Here in late October 2017, I am reading a lot about the centennial of the 1917 revolution in Russia, and a lot about the 19th Communist Party Congress in China. It seems strange to me that the connection between these two events is not being discussed more.

Surely it is obvious? The most consequential and long-lasting geopolitical legacy of the 1917 revolution in Russia has to be that in 2017 China is still governed by the Communist Party. And yet this fact is glossed over in a lot of the current discussion about the meaning and legacy of the October Revolution. I was struck by the fact that, in Sunday’s special issue of the New York Times Book Review on the revolution, not one book about China was reviewed.

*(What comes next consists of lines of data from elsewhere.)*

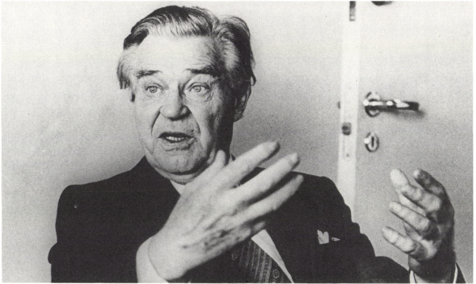
Gunnar Myrdal (f. 1898), svensk nationaløkonom og politiker, fotograferet kort efter, at han sammen med A. F. von Hayek havde modtaget Nobel-prisen i økonomi.

være inde på, at problemet er klaret ved, at man „ekspliterer sine værdier“, som det hedder, hvormed nærmest menes udtrykkeligt siger, hvor man står politisk. Dog er Myrdal ikke ganske konsekvent, idet han samtidig skriver, at „forskere inom det samhällsvetenskapliga området har så genomgående insupit den sanningssökande andan, att man allmänt märker att de blir speciellt glada när de kommer fram till slutsatser, som skiljer sig från vad de från början hade antagit“. 51 Han synes altså at mene, at der eksisterer en særligt „sanningssökande anda“, uafhængigt af værdierne. Det karakteristiske ved den er, at forskeren bliver særligt glad ved at komme frem til resultater, der strider mod hans forhåndsantagelser. Herved skulle forskerholdningen adskille sig diametralt fra den almindelige perceptionstendens, som man har kaldt „dissonansdøvhed“, d.v.s. tilbøjeligheden til at overse og overhøre ting, der ikke stemmer med ens forudindtagne meninger. 52 I en sådan opfattelse er Myrdal på linie med Karl Popper, der understreger, at den egentlige videnskabelige forskningsproces består i at søge at gendrive teorier, og fremhæver, at en teori ikke kan anses for underbygget (bewährt), fordi man finder bekræftende data, men kun når man ikke kan
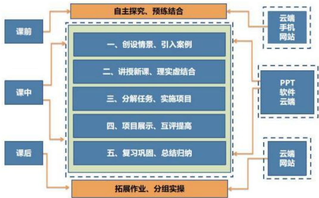
图2 “行动导向”教学模式

课堂实践，并紧紧围绕社会、中药企业的真实环境，任务的真实需求等，引导学生不断提高知识及技术技能水平。
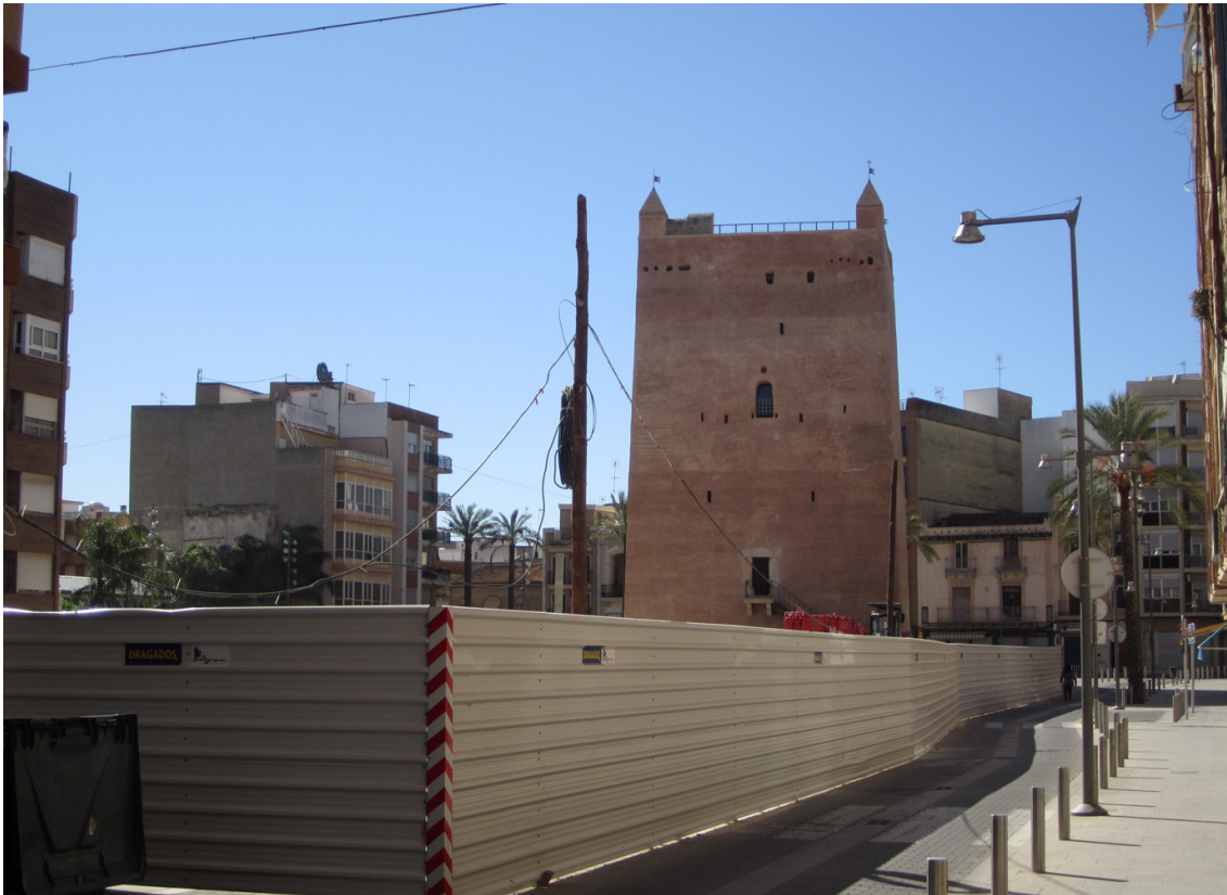
Fotografia actual de l'entorn de la Torre de Torrent on s'observa la desolació i despersonalització del mateix.
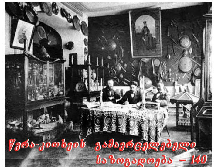
წერა-კითხვის გამავრცელებელი საზოგადოება – 140

✓ 1878 წლის 20 ივნისს, 126 დამფუძნებლის ხელმო-წეხით, იღია ქავქავაქემ, დიმიტეი ყიფიანმა და ბესა-ხიონ ლოლობეიქიმ ნესდება დასამტეიციებლად ნახე-გინეს ქავქასიის მეფისნაცვალს. გიოგორ მხბელიანის წინადებლით საზოგადოებას „ქახივეღთა შიხის ნე-ხა-კითხვის გამავრცელებელი საზოგადოება“ ეწოდა.
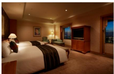
ホテル アゴーラ リージェンシー 大阪堺
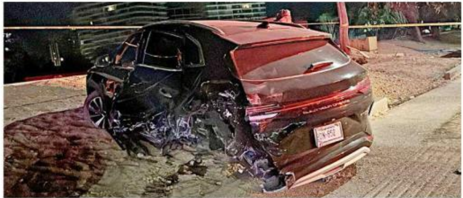
Una camioneta ajena a los hechos resultó dañada.

Las autoridades se enteraron que el día del ataque fueron alcanzadas por el ocupante de un Mercedes-Benz blanco, quien escapó tras realizar los disparos. El vehículo en el que iban las adolescentes chocó después con una camioneta.
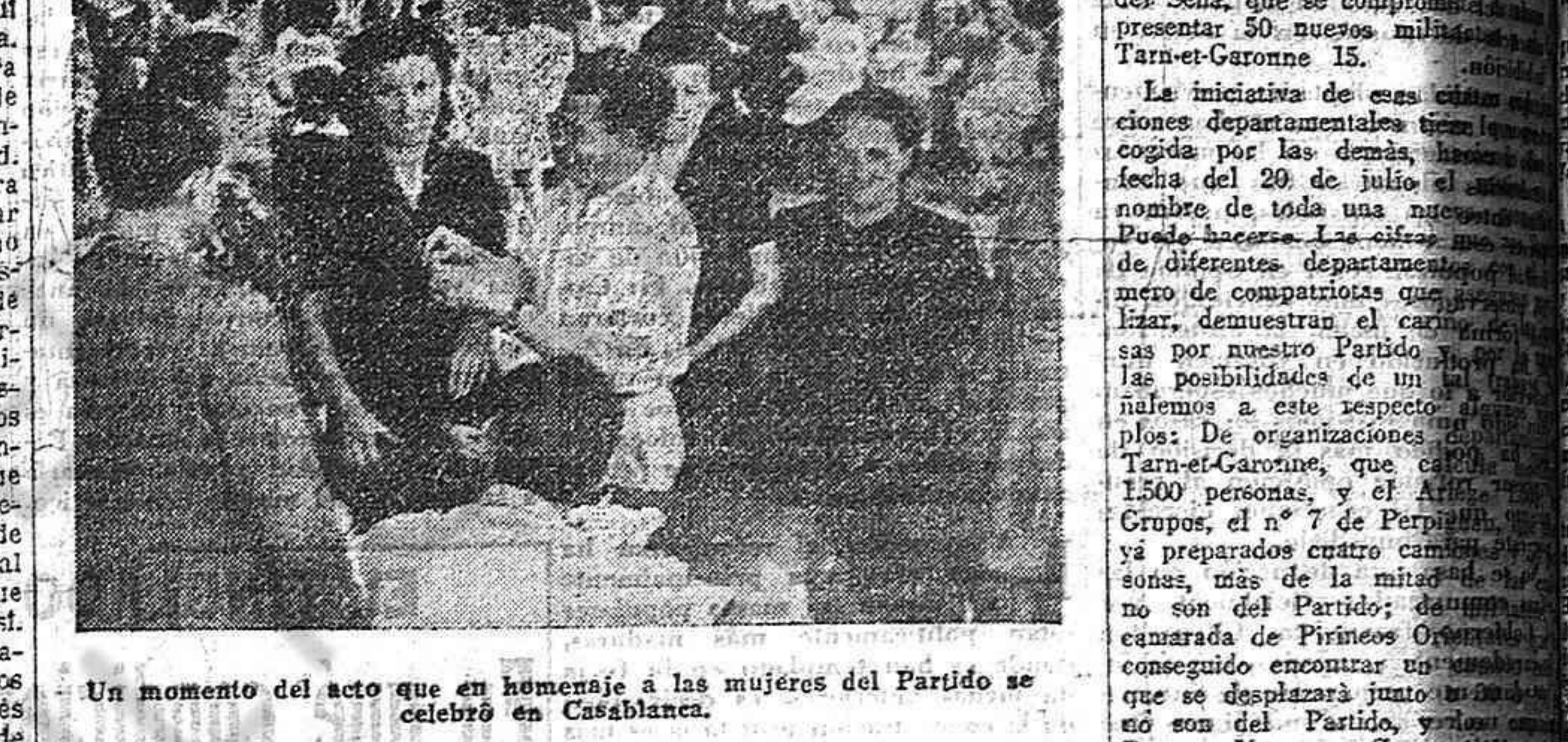
Un momento del acto que en homenaje a las mujeres del Partido se celebró en Casablanca.

In Russia today, the 1917 revolution hardly seems like a live issue. Shaun Walker has a nice piece in The Guardian pointing out how ambivalent the current government is about embracing the October Revolution, and how it is not being officially celebrated:

Putin has been equivocal in his statements on the revolution but has made it clear that his main issue is the violent seizure of power undertaken by the Bolsheviks. Putin has fetishised the sanctity of statehood, however distasteful the ruling regime may be: whether it be in modern-day Kiev or Damascus, or in tsarist Russia.

“When we look at the lessons from a century ago, we see how ambiguous the results were, and how there were both negative and positive consequences of those events,” said Putin this week, coming back to a thought he has expounded on many times before. “We have to ask the question: was it really not possible to develop not through revolution but through evolution, without destroying statehood and mercilessly ruining the fate of millions, but through gradual, step-by-step progress?”

This, ultimately, is the key message from the Kremlin as the anniversary approaches. Monarchists and the ultra-Orthodox are free to idolise Nicholas II; communists and nostalgics are free to look back on the Bolsheviks as the harbingers of a new civilisation, but state collapse and violent protests are always to be condemned.

Cut to China, where the government is sponsoring the publication of a nice new edition of Lenin’s Collected Works to commemorate the centennial of the revolution, and the government is proudly wrapping itself in the flag of socialism.

LeninWorks-Chinese

Top propaganda official Liu Qibao in September gave a fascinating speech to a meeting commemorating the anniversary of the 1917 revolution, which has recently been officially translated into English. I actually think the whole thing is worth reading, but here are a few excerpts to give a taste:

The October Revolution brought Marxism-Leninism to China. After the First Opium War (1840-1842), China was gradually reduced to a semi-colonial and semi-feudal society and the Chinese nation was plunged into deep suffering. … The October Revolution ignited a new hope for realizing national independence and people’s liberation.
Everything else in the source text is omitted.